# Sasha - May Favorite Model



## Marcie (Aug 2, 2011)

I just finished my latest Sasha painting and I had to show it off.


----------



## Fluffyspoos (Aug 11, 2009)

Great job! What did you use? Oil paints?


----------



## MamaTiff (Sep 23, 2011)

That's awesome! You really captured those "poodle eyes" that I love so much!


----------



## Marcie (Aug 2, 2011)

Fluffyspoos said:


> Great job! What did you use? Oil paints?
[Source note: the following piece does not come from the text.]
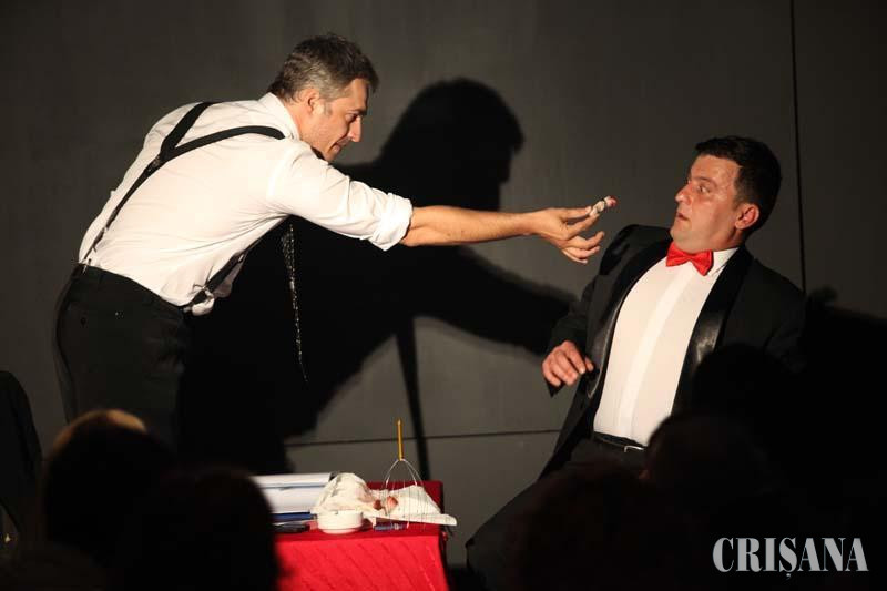 Comedia celor doi artişti a prins, până acum, extrem de bine la public. S-a râs şi aplaudat aproape non stop, cu prea puţine momente de respiro. Replicile au curs într-un ritm foarte alert, iar actorii trebuiau să ia pauze când aplauzele erau prea furtunoase. Richard e patronul unui cazinou, iar Sebi e fratele geamăn, uşor retard, care trebuie să se ocupe de zaruri şi cărţi. E simplu: tot ce trebuie să facă este să le schimbe la intervale regulate, pentru ca nu cumva, Doamne fereşte, să câştige cineva o sumă prea mare de bani. Dar, într-o seară, stimabilul a uitat să facă acest lucru, astfel că trei indivizi "respectabili" erau s-o mierlească. Replicile curg, poantele la fel, totul într-un ritm alert, spre deliciul publicului. Intrarea costă 15 lei, iar rezervări se pot face la tel. 0359-418.672, sau pe facebook, la teatrulstage@yahoo.com.
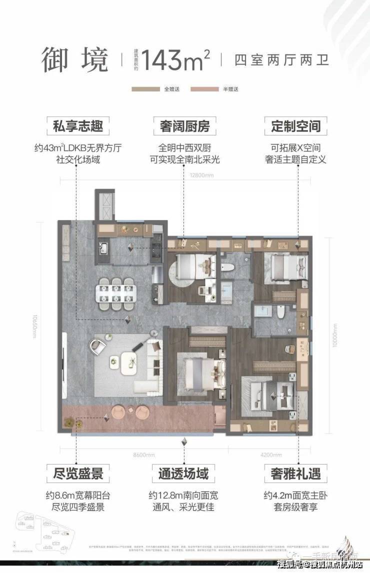 别墅级居住体验,该户型为龙湖入汉7年,豪宅产品力的集大成之作,豪宅中的奢侈品,非显赫大人物不奢藏。也是首发的经典代表作。

Thank you. Yes, oil, I am still learning and having fun with it.


----------



## cavon (Aug 10, 2010)

what a beautiful painting!!


----------



## Rowan (May 27, 2011)

Very beautiful!!


----------



## SarainPA (Nov 18, 2011)

Wow!!! Super job!!!!


----------



## Dallasminis (Feb 6, 2011)

I can't believe you are "still learning!" A wonderful likeness...you are so talented and Sasha is sooo beautiful!


----------



## outwest (May 1, 2011)

Wonderful job! It is hard to get the expressions right, and you did a terrific job with her. Beautiful.


----------



## The_Duke (Dec 4, 2011)

Very good. I really think you've got the eyes spot on.


----------



## happybooker1 (Dec 6, 2011)

*Wow!!*

I thought it was a photo at first!! VERY nice!!


----------



## sandooch (Jan 20, 2011)

You sure are talented! Great work!!


----------



## katbrat (May 8, 2011)

Wow! You paint beautifully and have a gorgeous girl to model for you, the best of both worlds!


----------